You can define your own shared parameters, and then provide their shared parameters when calling the trainer objects (see the following section).
Examples of training models#
In the following, we illustrate several examples to build a trainable neural network model.
Artificial neural networks#
BrainPy provides neural network layers which can be useful to define artificial neural networks.
Here, let’s define a deep RNN model.
class DeepRNN(bp.DynamicalSystemNS):
def __init__(self, num_in, num_recs, num_out):
super(DeepRNN, self).__init__()
self.l1 = bp.layers.LSTMCell(num_in, num_recs[0])
self.d1 = bp.layers.Dropout(0.2)
self.l2 = bp.layers.LSTMCell(num_recs[0], num_recs[1])
self.d2 = bp.layers.Dropout(0.2)
self.l3 = bp.layers.LSTMCell(num_recs[1], num_recs[2])
self.d3 = bp.layers.Dropout(0.2)
self.l4 = bp.layers.LSTMCell(num_recs[2], num_recs[3])
self.d4 = bp.layers.Dropout(0.2)
self.lout = bp.layers.Dense(num_recs[3], num_out)
def update(self, x):
x = x >> self.l2 >> self.d1
x = x >> self.l2 >> self.d2
x = x >> self.l3 >> self.d3
x = x >> self.l4 >> self.d4
return self.lout(x)
with bm.training_environment():
model = DeepRNN(100, [200, 200, 200, 100], 10)
Note here the difference of the model building from PyTorch is that the first argument in update() function should be the shared parameters sha (i.e., these parameters are shared across all models, like the time t, the running index i, and the model running phase fit). Then other individual arguments can all be customized by users. The details of the model definition specification can be seen in ????
Moreover, it is worthy to note that this model only defines the one step updating rule of how the model evolves according to the input x.
Reservoir computing models#
In this example, we define a reservoir computing model called next generation reservoir computing by using the built-in models provided in BrainPy.
class NGRC(bp.DynamicalSystemNS):
def __init__(self, num_in, num_out):
super(NGRC, self).__init__(mode=bm.batching_mode)
self.r = bp.layers.NVAR(num_in, delay=4, order=2, stride=5, mode=bm.batching_mode)
self.o = bp.layers.Dense(self.r.num_out, num_out, mode=bm.training_mode)
def update(self, x):
return x >> self.r >> self.o
In the above model, brainpy.layers.NVAR is a nonlinear vector autoregression machine, which does not have the training features. Therefore, we define its mode as batching mode. On the contrary, brainpy.layers.Dense has the trainable weights for model training.
Spiking Neural Networks#
Building trainable spiking neural networks in BrainPy is also a piece of cake. We provided commonly used spiking models for traditional dynamics simulation. But most of them can be used for training too.
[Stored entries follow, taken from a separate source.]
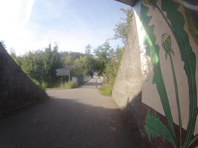 bis nach Mägenwil, ab wo ich der Radroute 34 (Alter Bernerweg) eine Weile folgte. Ich fahre ausserhalb des Aaretals, aber einigermassen parallel dazu, in westlicher Richtung. Der Wind bläst heute ziemlich stark über die Jurahügel. Die Sonne steht schon recht tief. Viele der Bilder der Kamera am Lenker sind heute deshalb unbrauchbar belichtet.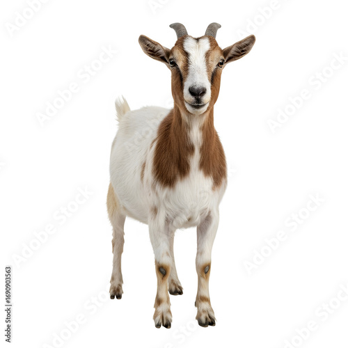 A standing goat with brown and white patches on its fur, facing forward with small horns.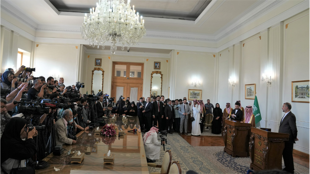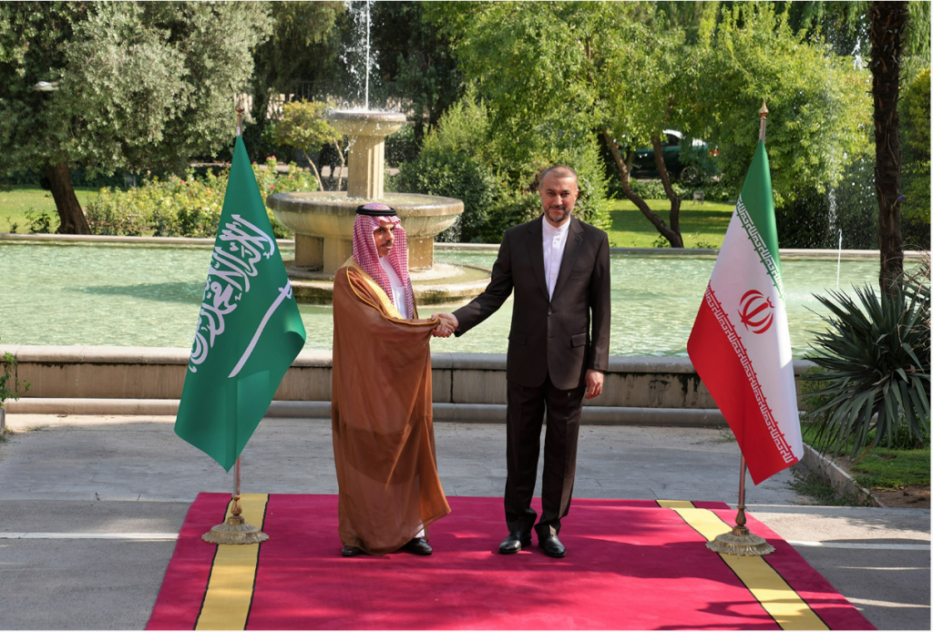 فیصل بن فرحان، نخستین وزیر خارجه عربستان سعودی که در ۱۷ سال اخیر به ایران میآید پس از استقبال محمدرضا عنایتی مدیرکل خلیج فارس در بدو ورود و حسین امیرعبداللهیان در حیاط وزارت امور خارجه مذاکرات خود در تهران را شروع کرد.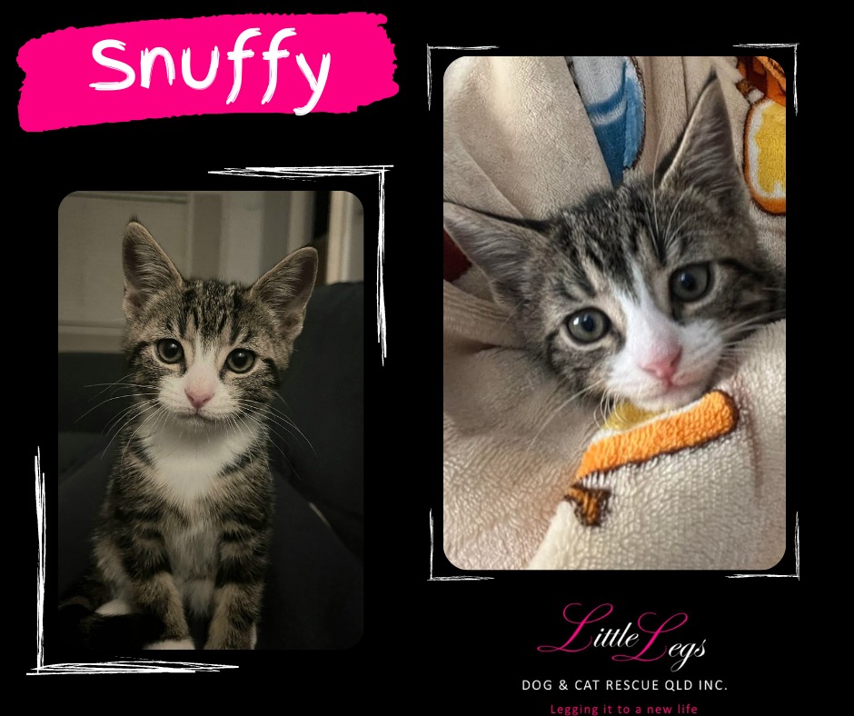 Snuffy is the perfect kitten for any family looking for a new pet to join them. He has the most beautiful eyes in the cutest little face. Snuffy is a cuddly boy who just wants to hang out with the humans whether they are working, watching movies or sleeping. He also loves his food and treats, being the first one at the food bowl. Snuffy is very friendly to other cats, even the adult cats who can be a bit cranky. We would love for you to meet him soon as Snuffy has so much love to give!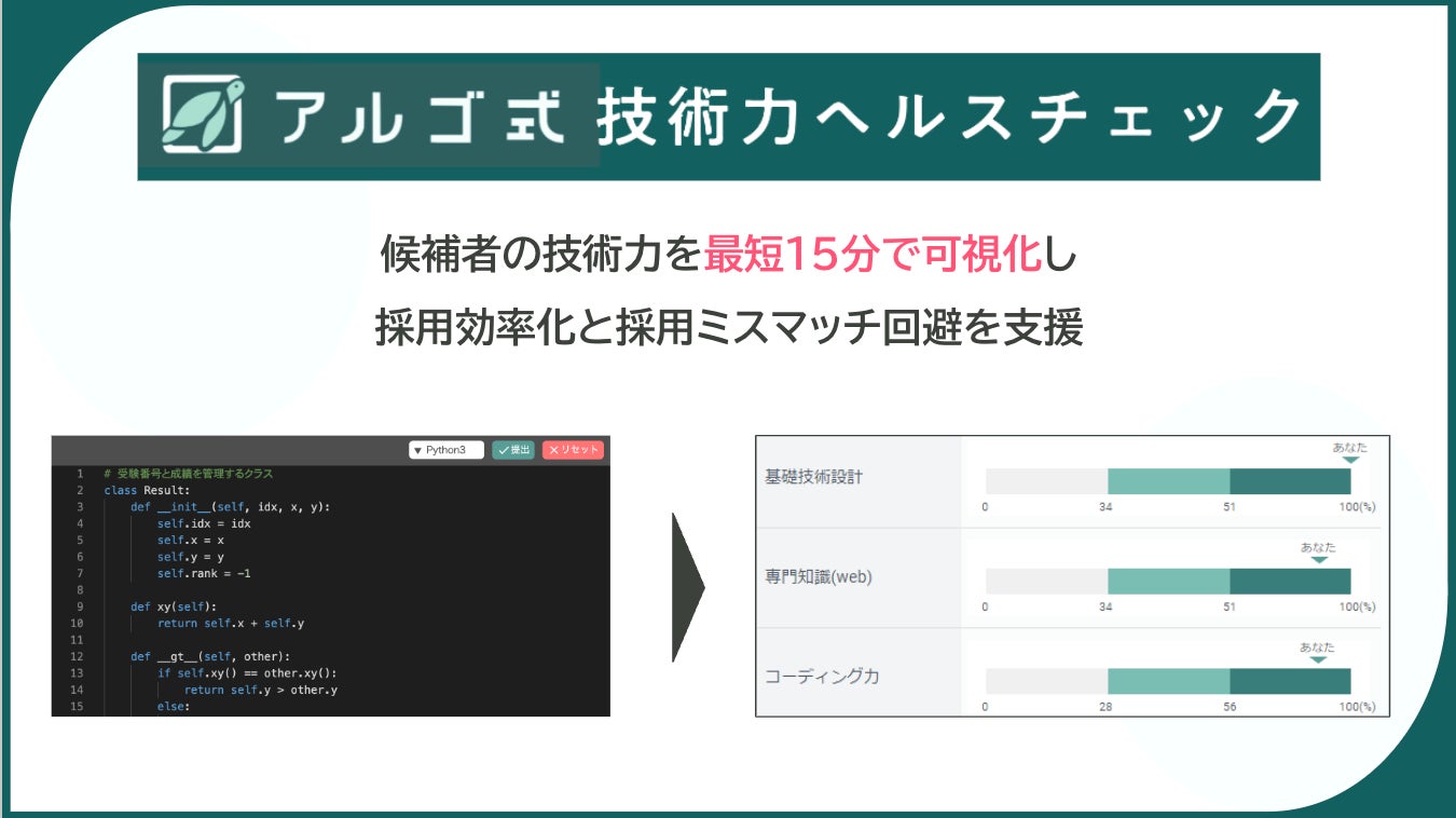 エンジニア候補者の技術力を最短15分で可視化する「アルゴ式技術力ヘルスチェック」の提供を開始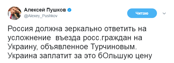 По его словам, Россия не должна оставлять без ответа возможное усложнение въезда российских граждан на территорию Украины.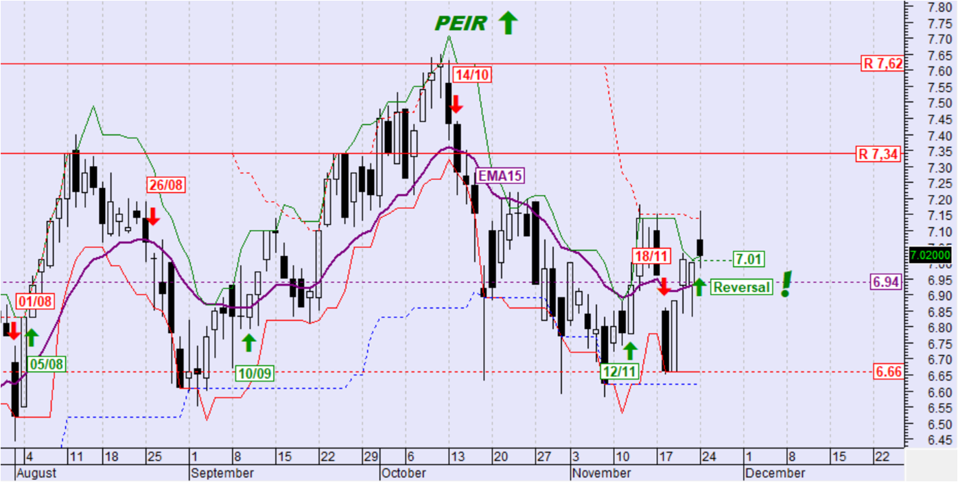 Βραχυπρόθεσμη τάση: αντιστράφηκε σε ανοδική με την υπέρβαση των 7.01€ στο κλείσιμο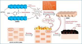 作为一种常用的高分子材料,环氧树脂极易燃烧,且在燃烧过程中释放大量的有毒有害的烟雾,给火灾中居民的生命财产带来极大的安全风险,提高环氧树脂燃烧的安全性至关重要。本研究通过在Co-Ni-Fe LDHs层间和表面引入具有阻燃功能的苯基磷酸和植酸客体分子,制备了一种绿色高效的有机-无机杂化阻燃材料(PA-Si-PPO-LDHs)。添加10 wt% PA-Si-PPO-LDHs后,EP复合材料的热释放率、CO产生量和总烟雾产生量分别降低了46.4%、37.0%和20.1%。此外,PA-Si-PPO-LDHs在EP中的分散性更好,与纯EP相比,EP复合材料的拉伸强度、三点弯曲强度和单梁冲击强度均有所提高。制备的PA-Si-PPO-LDHs通过在凝聚相中形成致密炭层、稀释可燃气体以及释放含磷自由基捕捉气相中的H·和HO·自由基,从而提高了EP复合材料的阻燃性能。此外,Co和Ni金属氧化物催化CO转化为CO2减少了热量和有害气体的释放,提高了EP复合材料的燃烧安全性。本研究为制备绿色高效的水滑石基有机-无机杂化阻燃材料提供了一种新思路,为提高了环氧树脂复合材料的燃烧安全性提供了技术支持。

In the following, we provide an implementation of spiking neural networks in (Neftci, Mostafa, & Zenke, 2019) for surrogate gradient learning.
class SNN(bp.Network):
def __init__(self, num_in, num_rec, num_out):
super(SNN, self).__init__()
# neuron groups
self.i = bp.neurons.InputGroup(num_in)
self.r = bp.neurons.LIF(num_rec, tau=10, V_reset=0, V_rest=0, V_th=1.)
self.o = bp.neurons.LeakyIntegrator(num_out, tau=5)
# synapse: i->r
self.i2r = bp.synapses.Exponential(self.i, self.r, bp.conn.All2All(),
output=bp.synouts.CUBA(), tau=10.,
g_max=bp.init.KaimingNormal(scale=20.))
# synapse: r->o
self.r2o = bp.synapses.Exponential(self.r, self.o, bp.conn.All2All(),
output=bp.synouts.CUBA(), tau=10.,
g_max=bp.init.KaimingNormal(scale=20.))
def update(self, tdi, spike):
self.i2r(tdi, spike)
self.r2o(tdi)
self.r(tdi)
self.o(tdi)
return self.o.V.value
with bm.training_environment():
snn = SNN(10, 100, 2)
Note here the mode in all models are specified as brainpy.modes.TrainingMode.